A sombra de Harvey Weinstein paira sobre nós. Não que Nina Wu seja uma inspiração direta dos polémicos casos do produtor norte-americano, mas de momento é difícil não pensar no sucedido perante uma história centrada em abusos de poder e assédios sexuais dentro da indústria do Cinema. A saída do visionamento suscitou essa memória ainda tão fresca.
A quinta longa-metragem de Midi Z (The Road to Mandalay) estreou no Un Certain Regard e promete ser um dos “achados” da seleção. Enquanto a loucura “tarantinesca” ainda tem os seus ecos no Palais, sendo que agora o hype está investido nas apostas de Xavier Dolan, Marco Bellocchio e obviamente, Abdellatif Kechiche, Nina Wu está condenado a passar ao lado dos holofotes.
Wu Ke-Xi, que já é um habitué na carreira de realizador, veste a pele de uma aspirante a atriz que consegue um papel determinante num filme com vista para inúmeros prémios cinematográficos.
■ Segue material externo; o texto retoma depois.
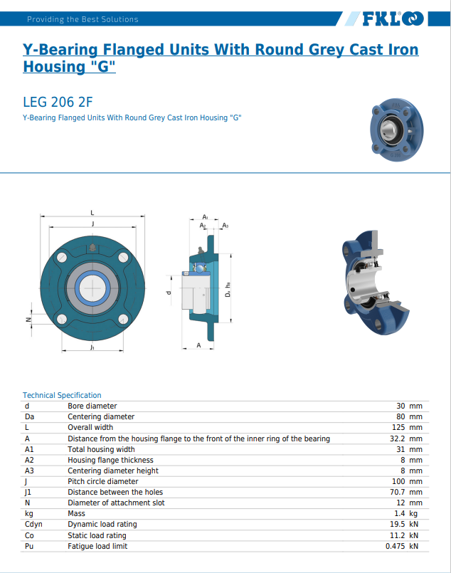 Produktinformationen "LEG 206 2F / 4-Loch Flanschlagereinh. rund m. ZA"

Durante a rodagem, a protagonista é submetida a diversos abusos por parte do realizador, que revela métodos pouco ortodoxos para incentivar o seu potencial, assim como da respetiva equipa. Depois de terminado o filme, Nina Wu [a personagem] é vítima de perseguição por parte de uma estranha mulher que, ao mesmo tempo, a encaminha para uma espiral de tormento psicológico.
Midi Z transporta o projeto a bom porto, condensando a narrativa por diversas camadas, passando pelo retrato social taiwanês até ao onírico “semi-lyncheano”. Nina Wu tende em exorcizar os “fantasmas” que hoje são assombrações neste universo, conseguindo com isso um peso psicológico, e sim, emocional, através da sua atriz principal, que arregaça as mangas para o que der e vier. Já o realizador dedica-se a preencher o seu trabalho com uma invejável linguagem visual. Os travellings cuidados e meticulosos fizeram furor, a juntar a isso a fotografia de Florian Zinke que atribuem ao filme um tom luxuriante e pecaminoso.